### WORK REQUIRED
From the material below, reproduce exactly the stretch of lines that begins with the line holding "Obr. 7: Sean Gerstley - Tile block" and ends with the line holding "A 180 kg-os nagyharang", skipping the pictures.
______
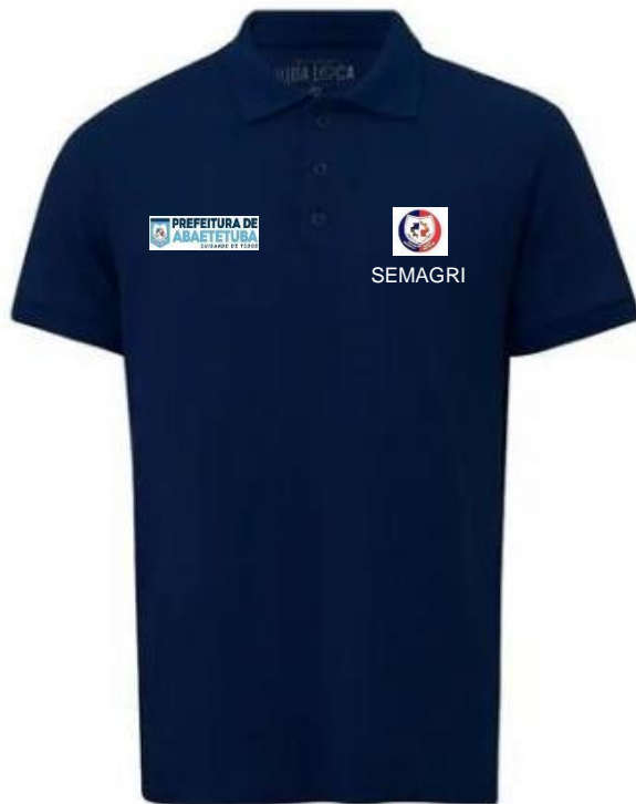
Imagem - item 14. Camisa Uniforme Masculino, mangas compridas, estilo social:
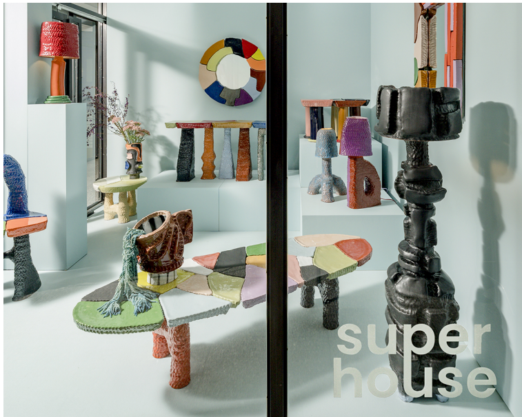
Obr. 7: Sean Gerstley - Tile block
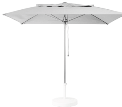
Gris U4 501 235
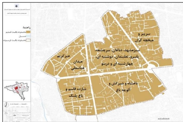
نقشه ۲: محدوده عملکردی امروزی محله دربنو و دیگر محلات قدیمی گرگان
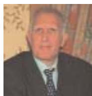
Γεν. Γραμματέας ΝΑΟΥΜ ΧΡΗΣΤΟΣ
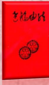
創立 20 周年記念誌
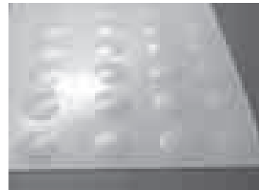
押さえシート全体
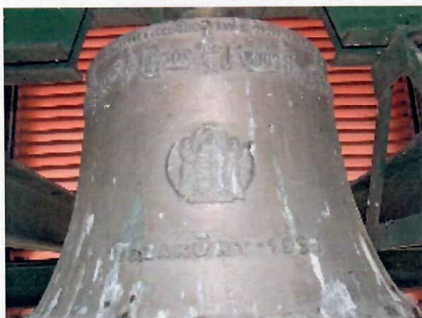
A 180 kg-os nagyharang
______
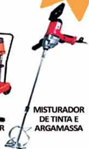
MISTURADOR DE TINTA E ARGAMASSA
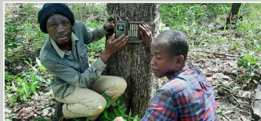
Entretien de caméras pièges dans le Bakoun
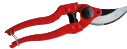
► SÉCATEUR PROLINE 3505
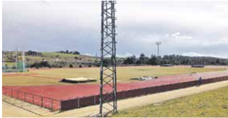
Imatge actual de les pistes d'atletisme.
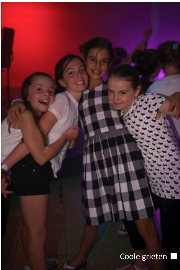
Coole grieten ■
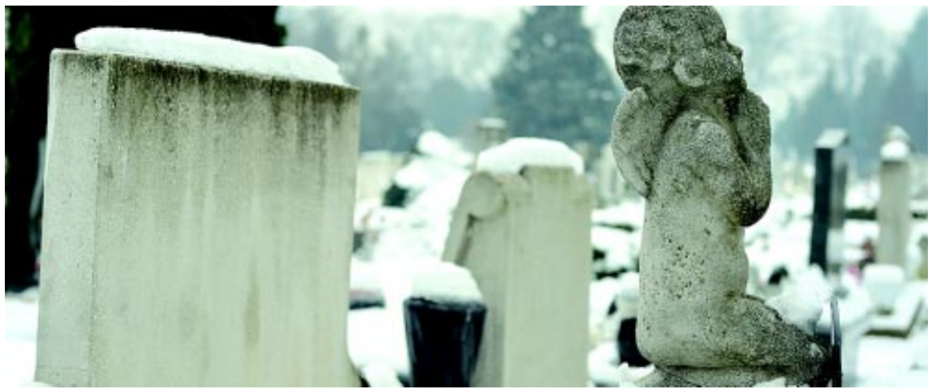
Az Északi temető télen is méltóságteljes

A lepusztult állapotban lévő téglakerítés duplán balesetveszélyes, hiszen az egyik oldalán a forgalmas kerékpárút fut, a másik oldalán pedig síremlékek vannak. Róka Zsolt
______
### RESULT
Obr. 7: Sean Gerstley - Tile block
Gris U4 501 235
نقشه ۲: محدوده عملکردی امروزی محله دربنو و دیگر محلات قدیمی گرگان
Γεν. Γραμματέας ΝΑΟΥΜ ΧΡΗΣΤΟΣ
創立 20 周年記念誌
押さえシート全体
A 180 kg-os nagyharang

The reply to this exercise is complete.